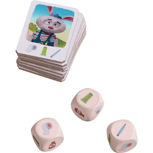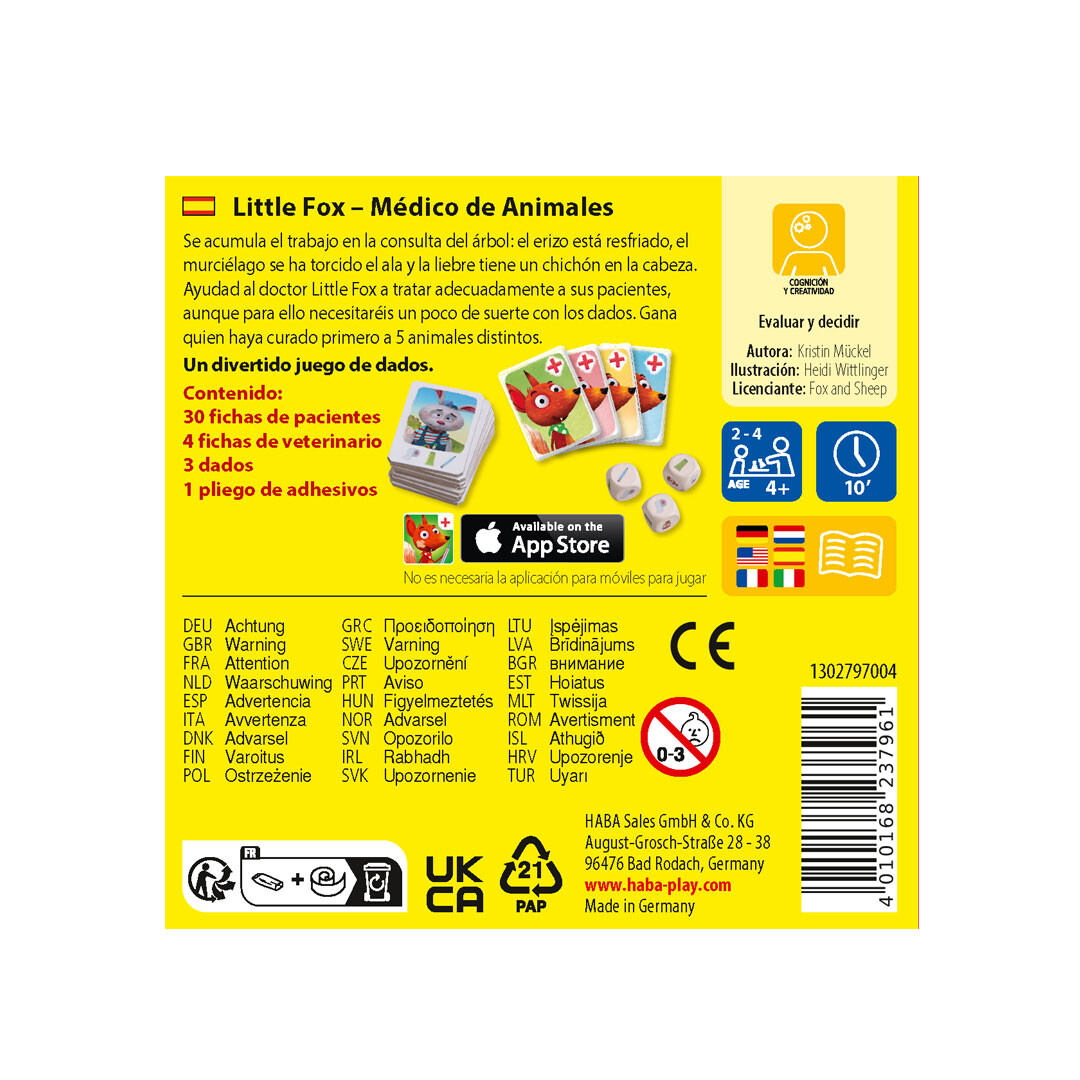 ?? Contenido: 30 fichas de pacientes, 4 fichas veterinario, 3 dados, pliego de adhesivos, instrucciones
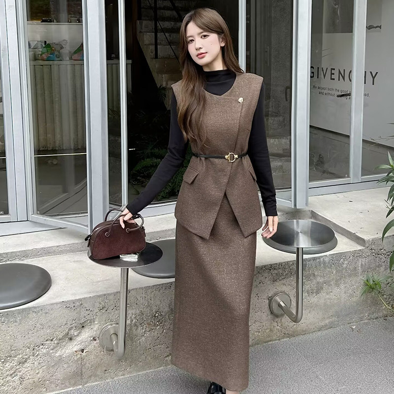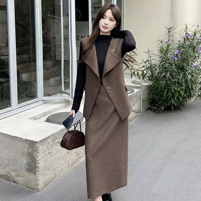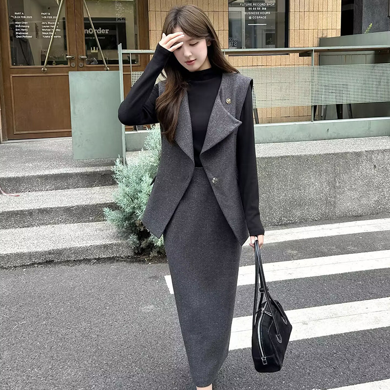 轻熟简约风马甲套装裙子女2025秋季高级感气质名媛三件套时尚穿搭
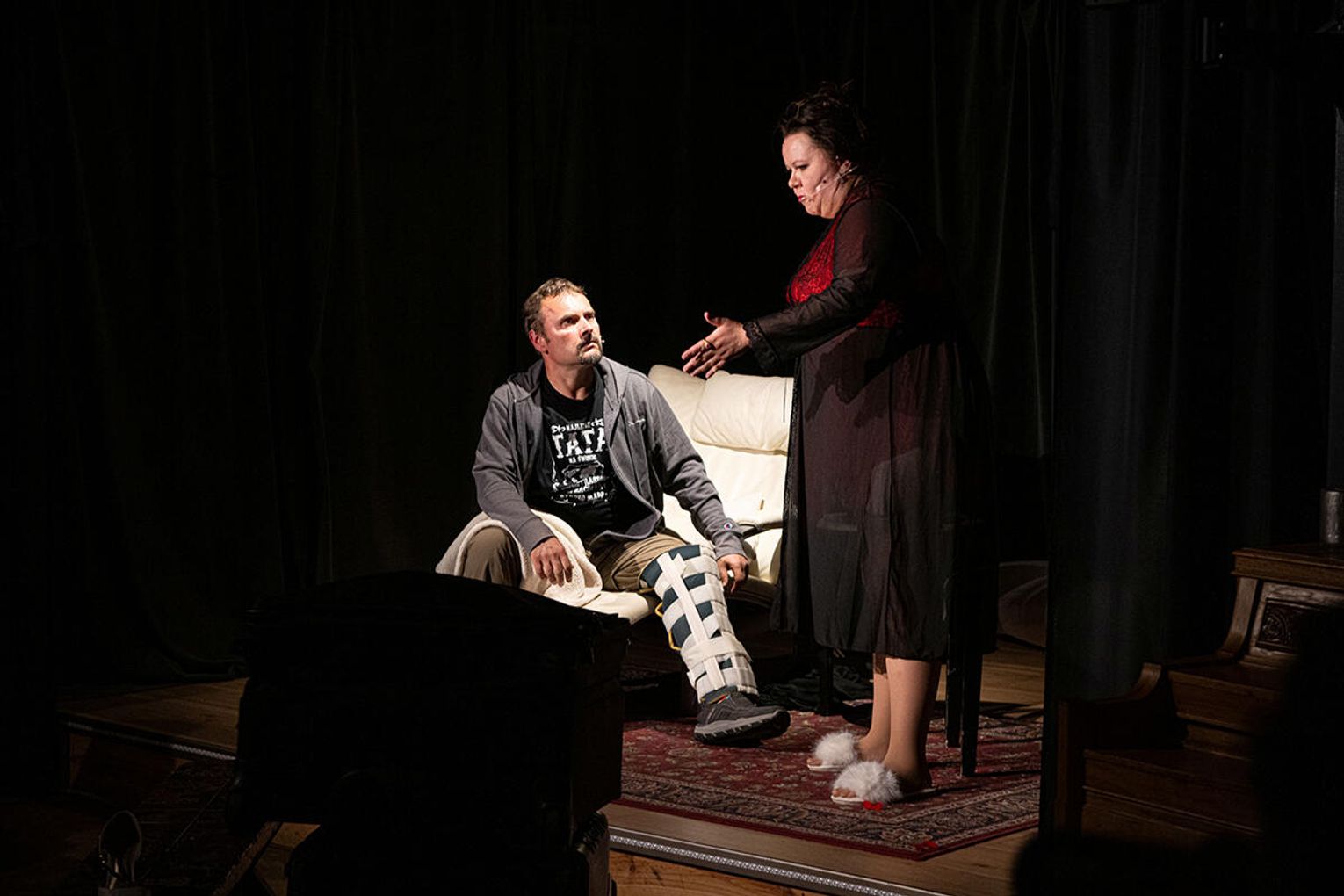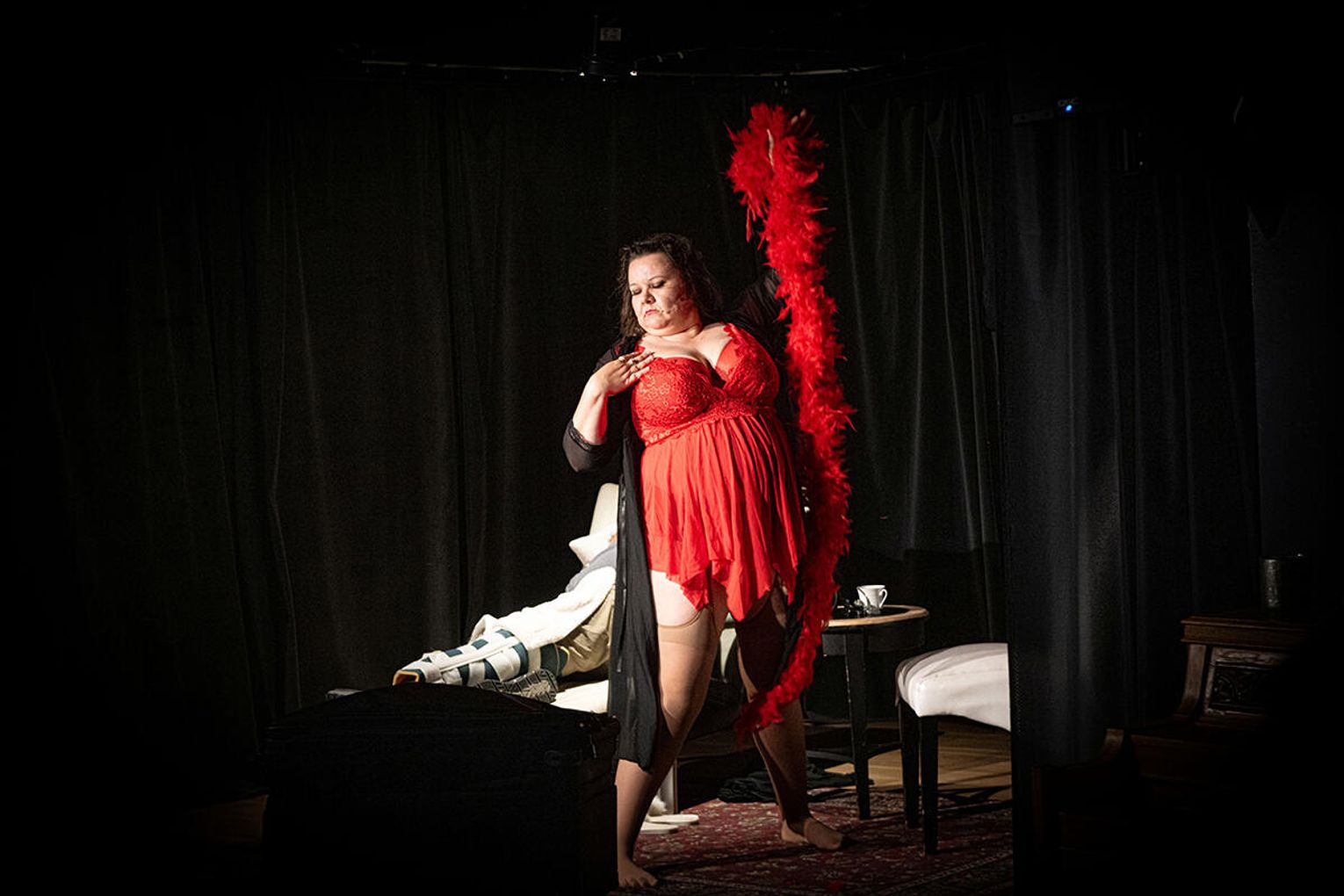 Opisując spektakl nie można wspomnieć o scenografii autorstwa Małgorzaty Duch – minimalistyczna oprawa, stonowana paleta barw oraz oszczędność użytych środków tworzą atmosferę klaustrofobii i potęgują napięcie na scenie.. Walizy, towarzyszące głównemu bohaterowi, podkreślają tymczasowy charakter i ulotność zdarzeń, które są jego udziałem.

***

◆ WHAT TO PRODUCE: When you retype the material above, copy each line exactly and drop whatever images appear in it.

◆ OUTPUT FOR THIS TASK:
 ?? Contenido: 30 fichas de pacientes, 4 fichas veterinario, 3 dados, pliego de adhesivos, instrucciones
 轻熟简约风马甲套装裙子女2025秋季高级感气质名媛三件套时尚穿搭
 Opisując spektakl nie można wspomnieć o scenografii autorstwa Małgorzaty Duch – minimalistyczna oprawa, stonowana paleta barw oraz oszczędność użytych środków tworzą atmosferę klaustrofobii i potęgują napięcie na scenie.. Walizy, towarzyszące głównemu bohaterowi, podkreślają tymczasowy charakter i ulotność zdarzeń, które są jego udziałem.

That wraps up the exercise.